Question

Find the magnitude and direction of magnetic field at point $P$ due to the current carrying wire as shown in figure below.

• A. -$\frac{{\mu }_{0}I}{4\pi a}[-\frac{\sqrt{3}}{2}+\frac{1}{2}]$
• B. $\frac{{\mu }_{0}I}{2\pi a}[\frac{\sqrt{3}}{2}-\frac{1}{2}]$
• C. $\frac{{\mu }_{0}I}{4\pi a}[\frac{\sqrt{3}}{2}-\frac{1}{2}]$
• D. -$\frac{{\mu }_{0}I}{2\pi a}[-\frac{\sqrt{3}}{2}+\frac{1}{2}]$

Answer 1

The correct option is C $\frac{{\mu }_{0}I}{4\pi a}[\frac{\sqrt{3}}{2}-\frac{1}{2}]$

Magnetic field due to a finite steady current $I$ carrying wire at a point on the perpendicular in the surrounding space is given by $$B=\frac{{\mu }_{0}I}{4\pi d}[\sin \left({\theta }_1\right)+\sin \left({\theta }_2\right)]$$


Magnetic field due to wires $AB$ and $CD$ will be zero.

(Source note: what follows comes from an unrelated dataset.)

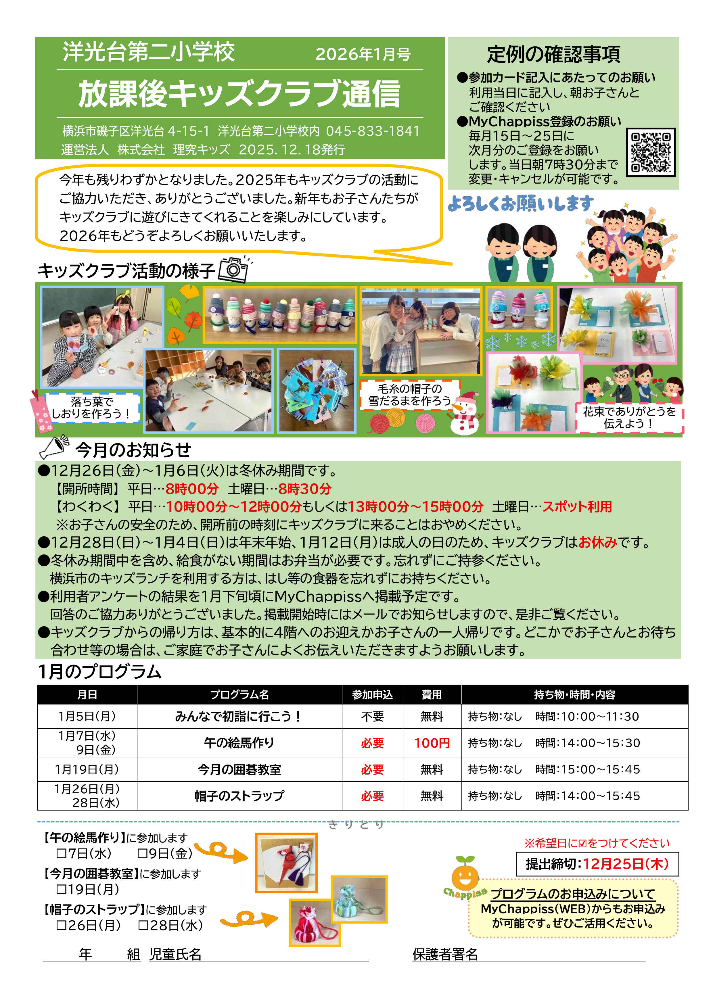 今月の放課後キッズクラブ通信

Thus, Magnetic field due to $BC$ at the given point in space is $\overrightarrow{B}=\frac{{\mu }_{0}I}{4\pi a}[\sin {60}^{\circ }-\sin {30}^{\circ }]$

$\Rightarrow \overrightarrow{B}=\frac{{\mu }_{0}I}{4\pi a}[\frac{\sqrt{3}}{2}-\frac{1}{2}]$

Hence, option (c) is the correct answer.